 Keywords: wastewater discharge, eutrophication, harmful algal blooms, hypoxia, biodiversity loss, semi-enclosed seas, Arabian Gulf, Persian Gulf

========================================================================

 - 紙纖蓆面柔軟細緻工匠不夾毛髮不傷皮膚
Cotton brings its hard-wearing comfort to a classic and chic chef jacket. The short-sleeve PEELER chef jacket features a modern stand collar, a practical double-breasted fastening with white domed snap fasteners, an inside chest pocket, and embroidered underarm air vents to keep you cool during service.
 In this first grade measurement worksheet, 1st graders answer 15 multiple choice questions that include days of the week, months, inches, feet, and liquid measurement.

========================================================================

» **How to complete this task**
Everything starting at the line containing "- 紙纖蓆面柔軟細緻工匠不夾毛髮不傷皮膚" and ending at the line containing "Cotton brings its" in the records above should be repeated exactly, and only that.

» **Written response**
 - 紙纖蓆面柔軟細緻工匠不夾毛髮不傷皮膚
Cotton brings its hard-wearing comfort to a classic and chic chef jacket. The short-sleeve PEELER chef jacket features a modern stand collar, a practical double-breasted fastening with white domed snap fasteners, an inside chest pocket, and embroidered underarm air vents to keep you cool during service.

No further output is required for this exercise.